The CB&I Technology Inc invention works as follows

Processes for producing and separating Ethane and Ethylene are disclosed herein. An oxidative coupling (OCM), product gas consisting of ethane or ethylene, is used in some embodiments to introduce a separation unit with two separators. The separation unit separates the OCM product to produce a C2-rich, methane-rich, and nitrogen-rich effluent. Some embodiments of separation are possible with minimal or no refrigeration.

Background for Process to separate hydrocarbon compounds

Technical Field

This disclosure generally refers to the selectively separating carbon compounds containing at minimum two carbon atoms from mixed gas streams provided by a chemical processing.

Description of Related Art

The modern petrochemical industry uses cracking and fractionation technology extensively to separate desired compounds from crude oil. Fractionation and cracking are very energy-intensive and produce large amounts of greenhouse gases. Refiners are under immense pressure to reduce losses and increase efficiency when producing products using existing feedstocks. They also need to find viable alternatives feedstocks that can provide affordable hydrocarbon intermediates or liquid fuels for downstream consumers.

Because of its availability and low cost, methane is an attractive feedstock for hydrocarbon intermediates or liquid fuels production. At current consumption rates, methane reserves worldwide are in the hundreds. New production stimulation technologies promise commercial viability for previously unattractive methane resources.

It is used in the production polyethylene plastics and polyvinyl chloride. The demand for ethylene and its derivatives is increasing with economic growth in both developed and developing countries. Due to the high price of crude oil and the many hydrocarbon byproducts produced in crude oil cracking, ethylene production is restricted to low volume production in high-volume commodity chemical plants. The production of ethylene from natural gas is a more affordable and abundant alternative to crude oil ethylene. Oligomerization can further convert ethylene to longer chain hydrocarbons like C6 or C8 that are useful for high-value specialty chemicals and polymer gasoline.

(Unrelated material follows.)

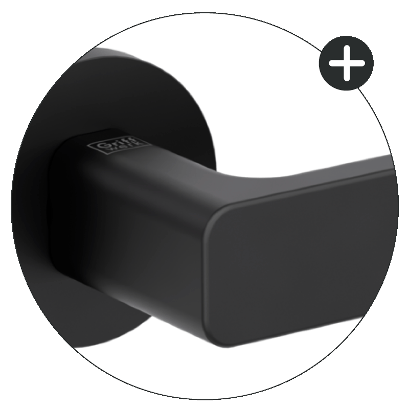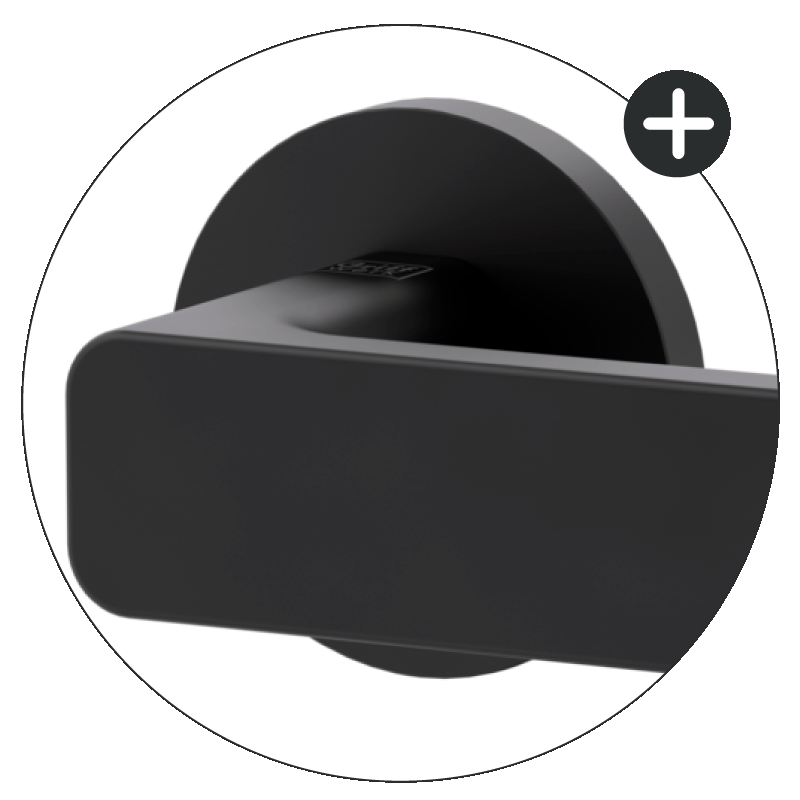 - Rosetten: rund Ø 51 mm, Stärke 6 mm, verdeckte Befestigung (Fast2Fix)

The conversion from methane to long chain hydrocarbons, especially alkenes like ethylene, creates a product gas that contains multiple byproducts, unreacted fuel gases, and inert component in addition to the ethylene. It is possible to economically and selectively produce methane-based alkenes and to separate them on a commercially feasible scale. This opens up a new avenue for the production of ethylene-based derivatives.

The present disclosure, as noted above, is directed at methods for generating C2 carbon compounds via OCM. These steps can be summarized as follows:

a) Combining a feedstock gas consisting of methane with an oxygen-containing gas comprising oxygen;

(b) Contacting the combined feedstock and oxygen containing gases with a catalyst, and providing an OCM product gaz consisting of ethane (C2);

(c) Compressing the OCM product gaz;

(d) Condensing at most a portion the OCM Product Gas to produce an OCM Product Gas Condensate consisting mostly of water.

(e), introducing OCM product gas condensate as a first separator.

(f), isentropically expanding, reducing the temperature a first part of the OCM product gaz;

(g) Introducing the first OCM product gaz to the first separator, and introducing the second OCM product gaz to a separate separator. The second separator operates at a lower temperature and pressure than the first separator.

(h) Removing a C2-rich effluent, and a methane/nitrogen-containing gas mixture from first separator;

(i) Inserting the methane/nitrogen-containing gas mixture to a second separator; and

(j) Removing a methane rich effluent and an nitrogen-rich effluent of the second separator.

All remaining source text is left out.